Directions for this task: Look below for the line with "Create your own" and the line with "主动技能:自动发动技能条件满"; repeat exactly those two lines and all lines between them, but no pictures.

Records provided:
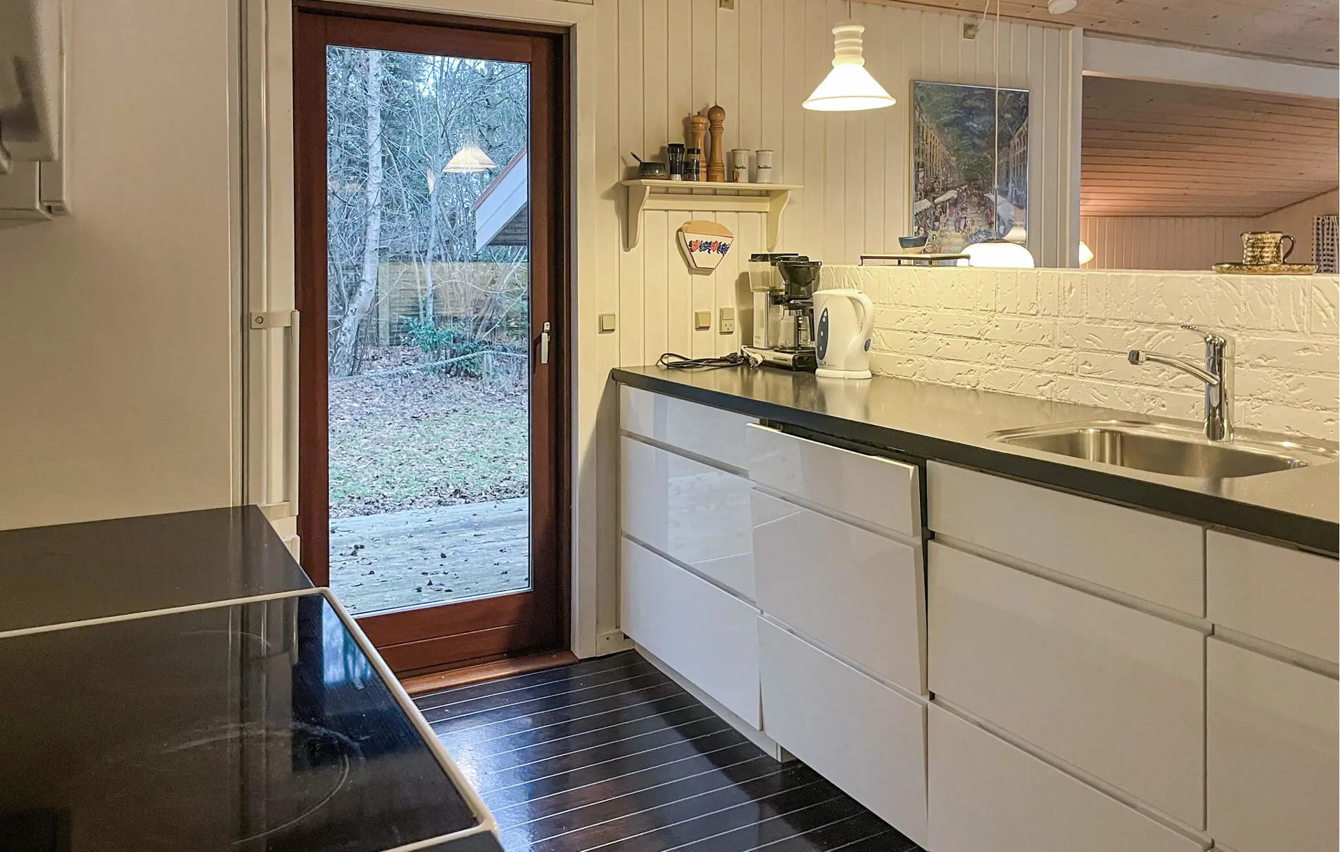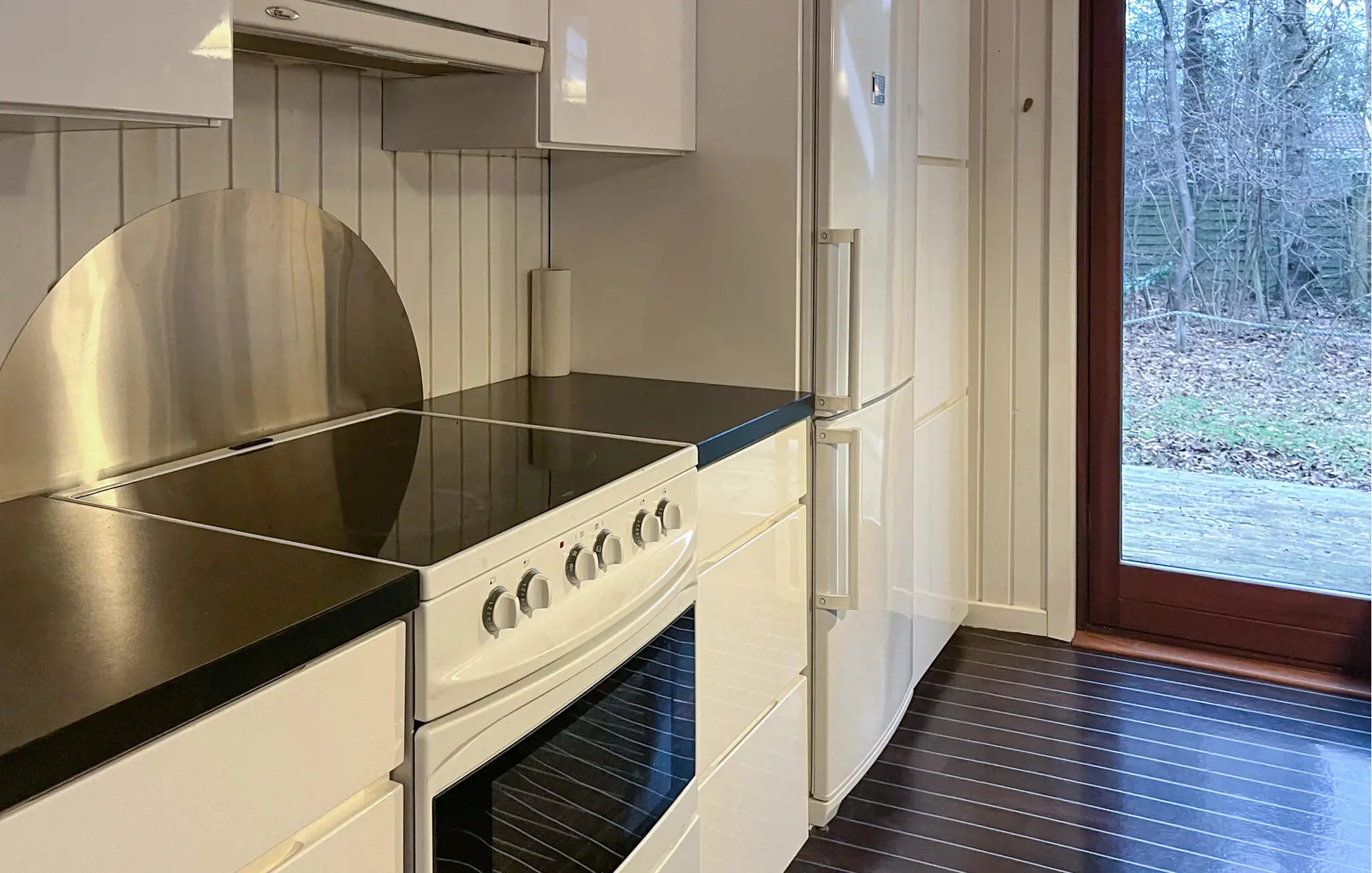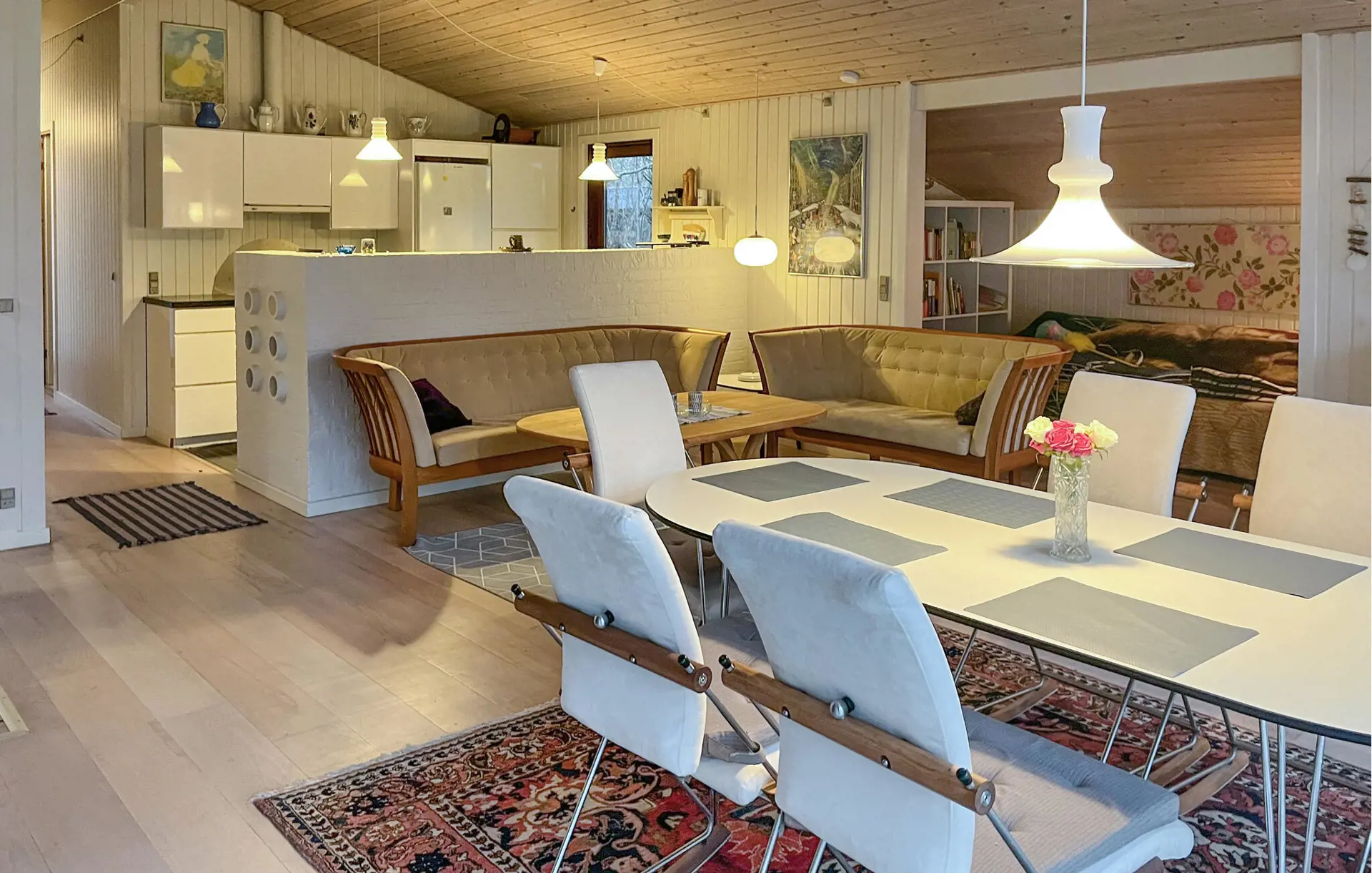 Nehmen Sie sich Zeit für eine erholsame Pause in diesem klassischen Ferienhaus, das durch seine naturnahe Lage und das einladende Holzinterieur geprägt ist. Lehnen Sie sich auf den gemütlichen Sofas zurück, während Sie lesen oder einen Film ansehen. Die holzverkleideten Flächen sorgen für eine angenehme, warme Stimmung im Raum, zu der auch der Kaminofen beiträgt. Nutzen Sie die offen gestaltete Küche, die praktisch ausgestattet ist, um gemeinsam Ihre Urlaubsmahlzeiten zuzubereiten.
--
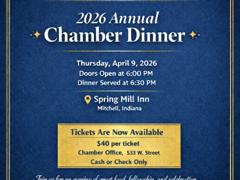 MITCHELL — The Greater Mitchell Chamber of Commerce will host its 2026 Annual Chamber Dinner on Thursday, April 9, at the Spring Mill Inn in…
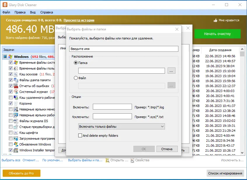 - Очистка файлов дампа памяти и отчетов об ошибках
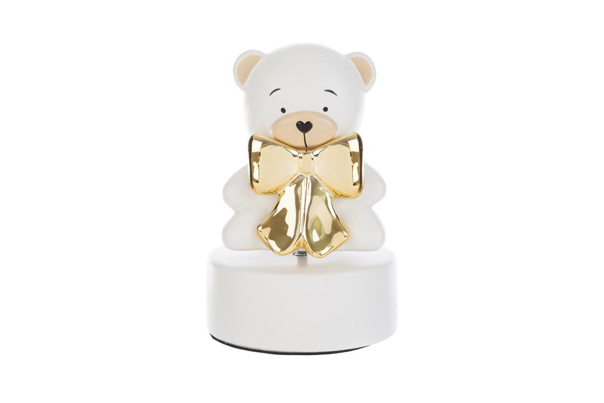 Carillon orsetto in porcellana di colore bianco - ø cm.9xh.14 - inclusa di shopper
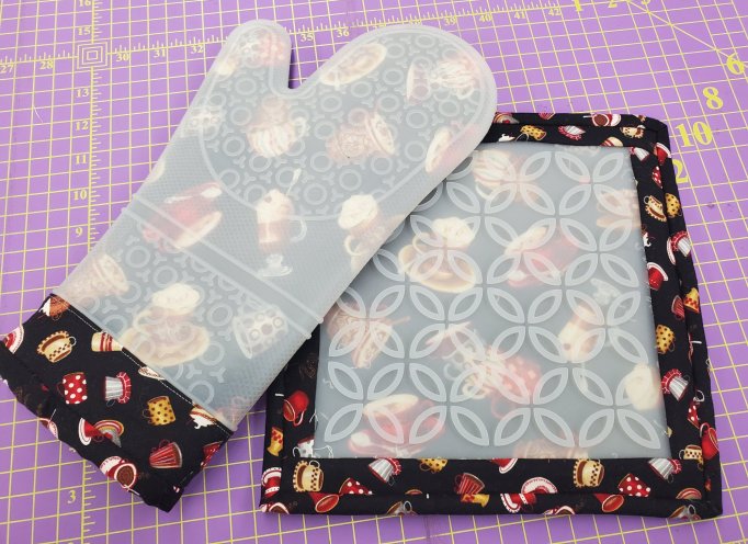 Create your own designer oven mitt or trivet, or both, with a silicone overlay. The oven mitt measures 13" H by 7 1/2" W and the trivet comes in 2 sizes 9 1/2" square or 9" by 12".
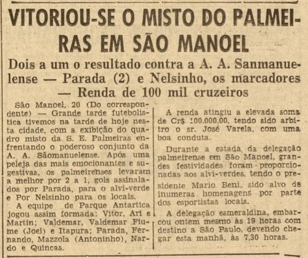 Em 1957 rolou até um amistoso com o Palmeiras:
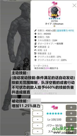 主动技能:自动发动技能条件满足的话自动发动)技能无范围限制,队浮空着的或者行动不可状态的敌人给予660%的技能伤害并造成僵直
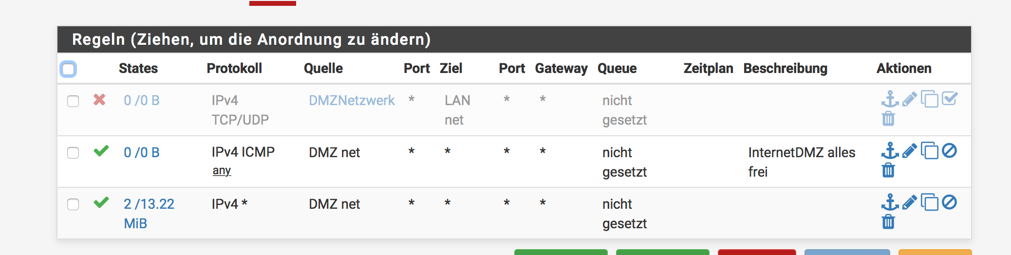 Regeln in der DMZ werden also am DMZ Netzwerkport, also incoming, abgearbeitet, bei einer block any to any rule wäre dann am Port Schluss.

Answer:
 Create your own designer oven mitt or trivet, or both, with a silicone overlay. The oven mitt measures 13" H by 7 1/2" W and the trivet comes in 2 sizes 9 1/2" square or 9" by 12".
 Em 1957 rolou até um amistoso com o Palmeiras:
 主动技能:自动发动技能条件满足的话自动发动)技能无范围限制,队浮空着的或者行动不可状态的敌人给予660%的技能伤害并造成僵直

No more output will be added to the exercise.